The project is an international collaboration between the National Centre for Text Mining (UK), Missouri Botanical Garden (US), Dalhousie University's Big Data Analytics Institute (Canada) and Ryerson University's Social Media Lab (Canada). NaCTeM was also a recipient of the 2011 Digging into Data call with the Integrated Social History Environment for Research (ISHER) project.
Summary
The Mining Biodiversity project aims to transform the Biodiversity Heritage Library (BHL) into a next-generation social digital library resource to facilitate the study and discussion (via social media integration) of legacy science documents on biodiversity by a worldwide community and to raise awareness of the changes in biodiversity over time in the general public.
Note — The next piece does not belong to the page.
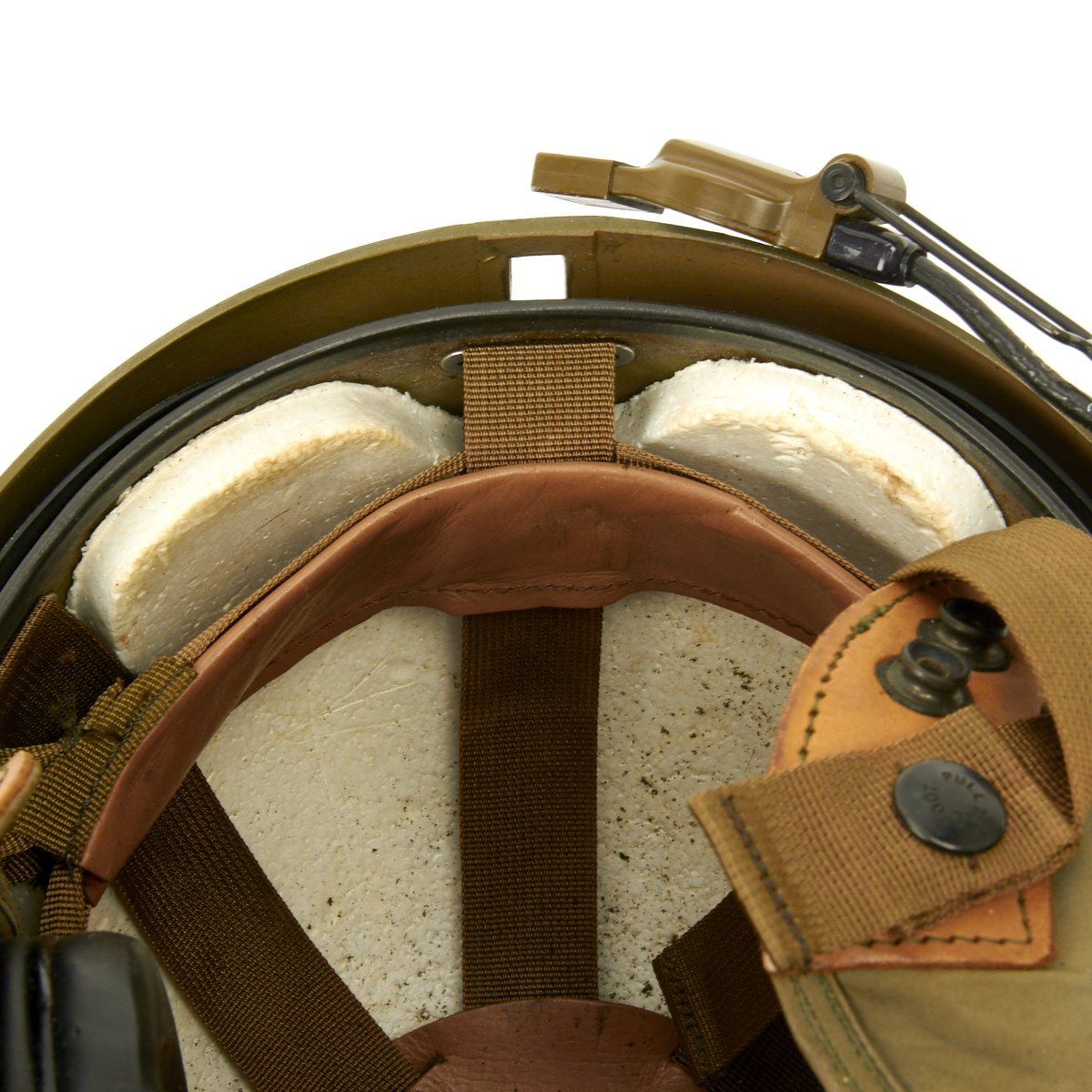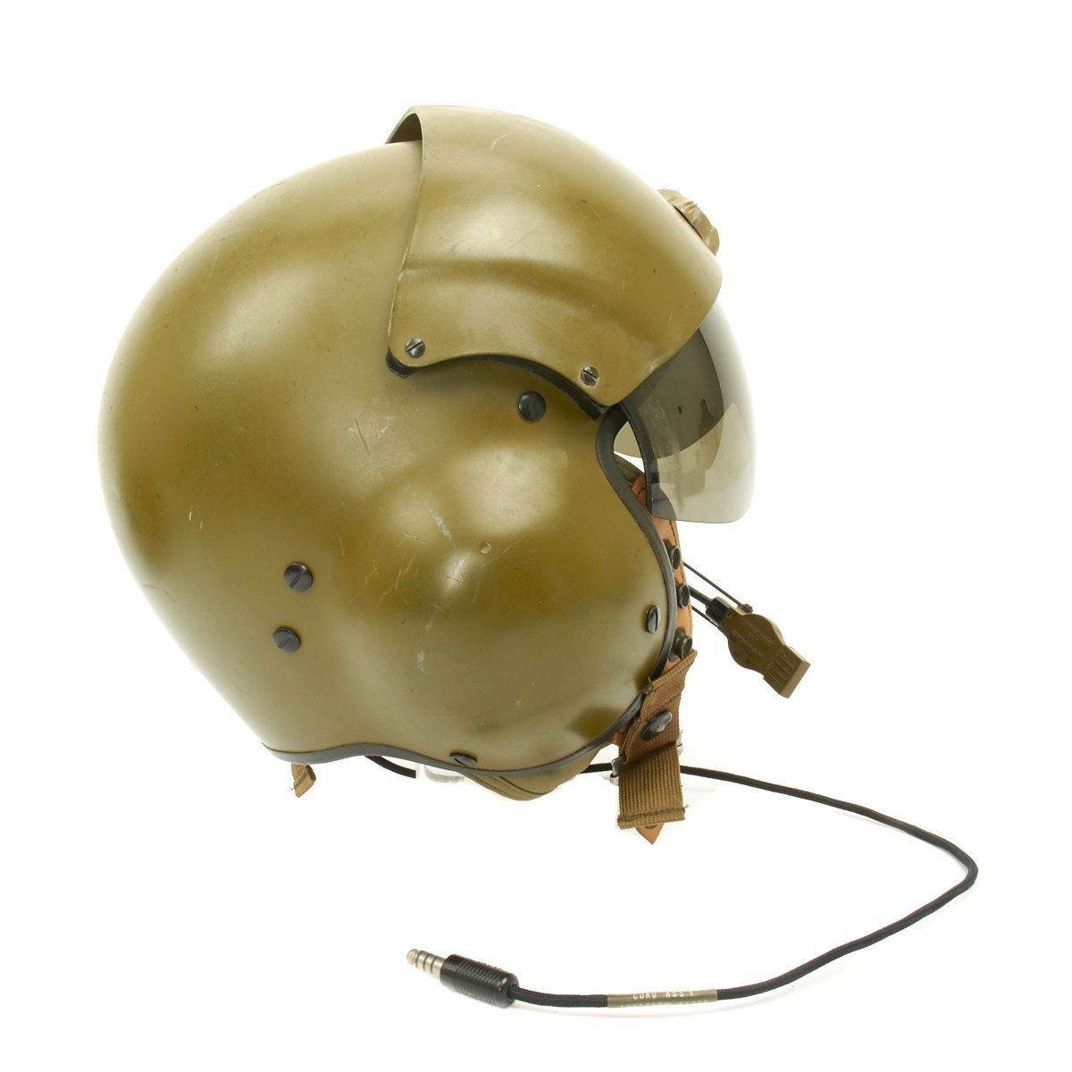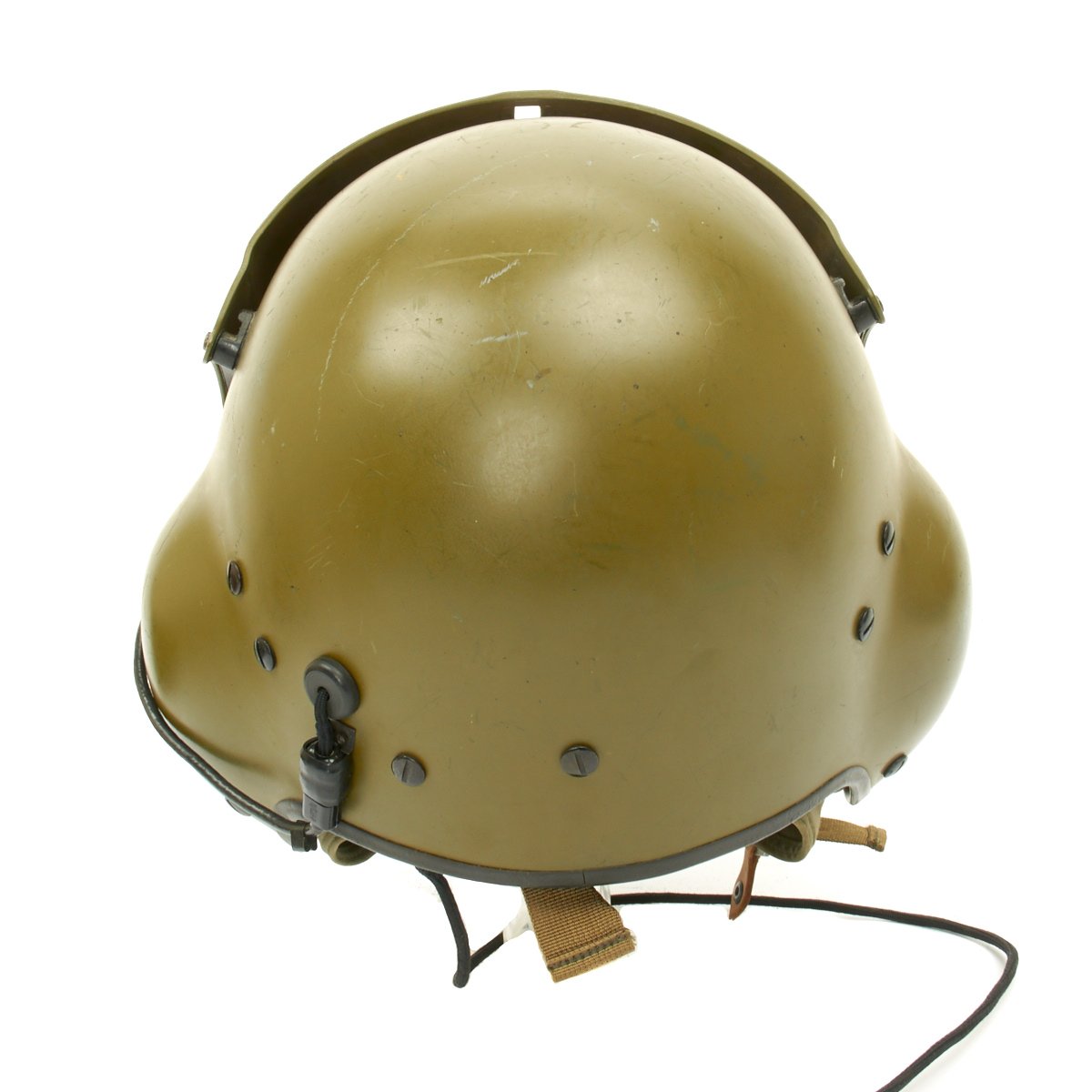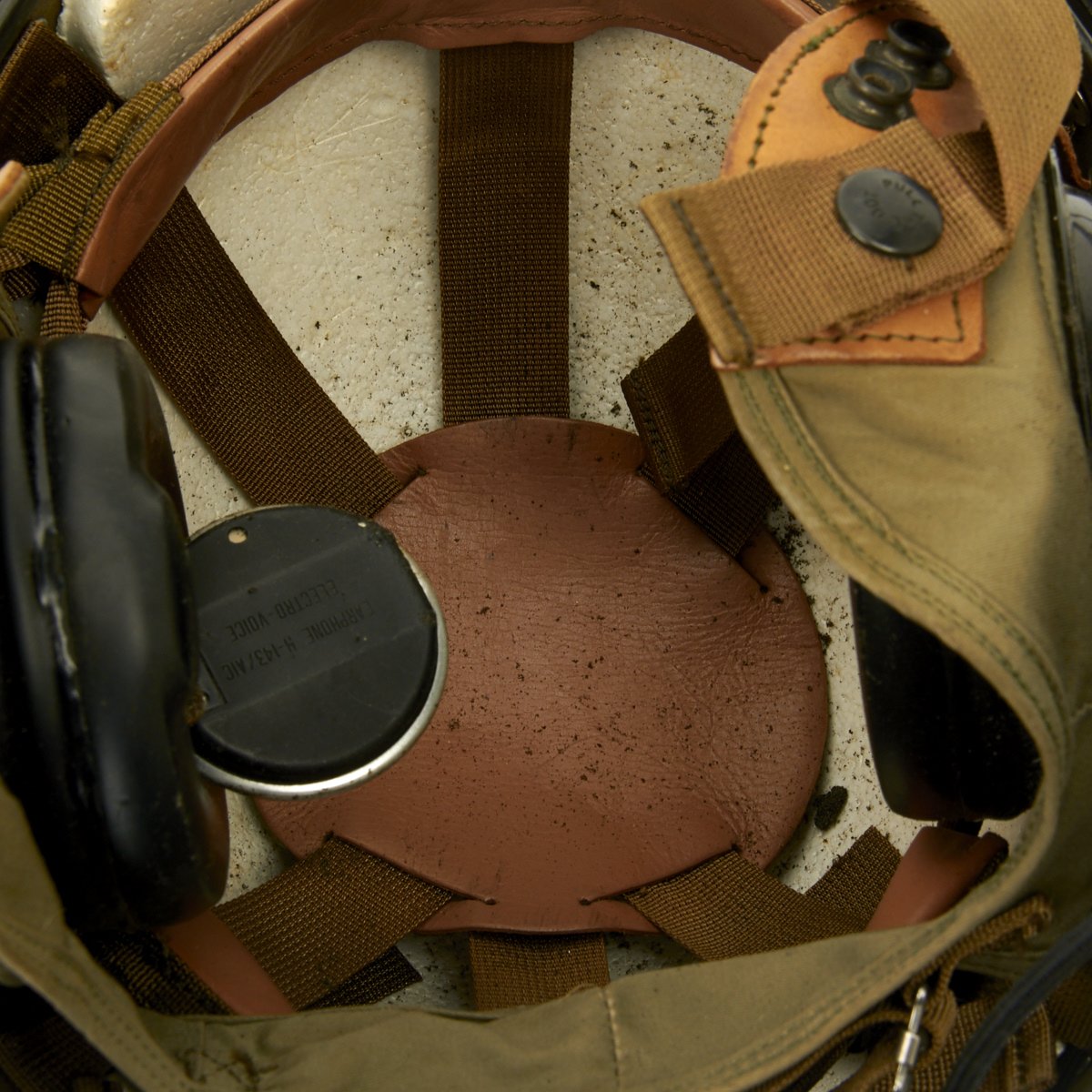 The original SPH-4 had a shell made of fibreglass cloth layers bonded by epoxy. The inner polystyrene foam energy absorbing liner was 97 mm (0.38") thick with a density of 5.2 lb/ft3. The helmet was fitted with a sling suspension liner and had a nape strap with a single snap on each side fitting to studs on a retention harness. The chin strap had a design strength of 150 lbs. The headset was mounted in 6 mm thick moulded plastic ear cups with excellent sound attenuation characteristics. A size regular helmet weighed 1.54 kg (3.4 lbs).

The project integrates novel text mining (TM) methods, visualisation, crowdsourcing and social media into the BHL. The resulting digital resource will provide fully interlinked and indexed access to the full content of BHL library documents, via semantically enhanced and interactive browsing and searching capabilities, allowing users to locate precisely the information of interest to them in an easy and efficient manner.
Project goals
By promoting the development of capabilities that will foster collaboration amongst researchers from the fields of History of Science, Environmental History, Environmental Studies, Library and Information Science and Social Media, the proposed project will make a significant impact on the above disciplines by:
- enriching a large-scale library, i.e., the BHL, via innovative application of text mining techniques to produce semantic metadata and a term inventory,
- providing improved access to biodiversity-related digital artifacts via an enhanced search engine and visualisation of results, and
- stimulating increased collaboration, interaction and sharing of information amongst BHL users via the social media environment.
Details
The project has five major components:
- Automatic correction of errors in text extracted automatically from legacy biodiversity literature via optical character recognition (OCR).
- Development of a crowdsourcing facility that will encourage users to annotate legacy texts with semantic metadata.
- Adaptation of text mining technologies to extract metadata (i.e., terminology, entities and significant events) automatically and to track terminology evolution over time. This will facilitate semantic search, allowing users to explore search results according to multiple information dimensions or facets.
- Interactive visualisation techniques will be used to help users to make sense of search results through the integration of next generation browsing capabilities, assisted by a semantic similarity network of important terms and entities.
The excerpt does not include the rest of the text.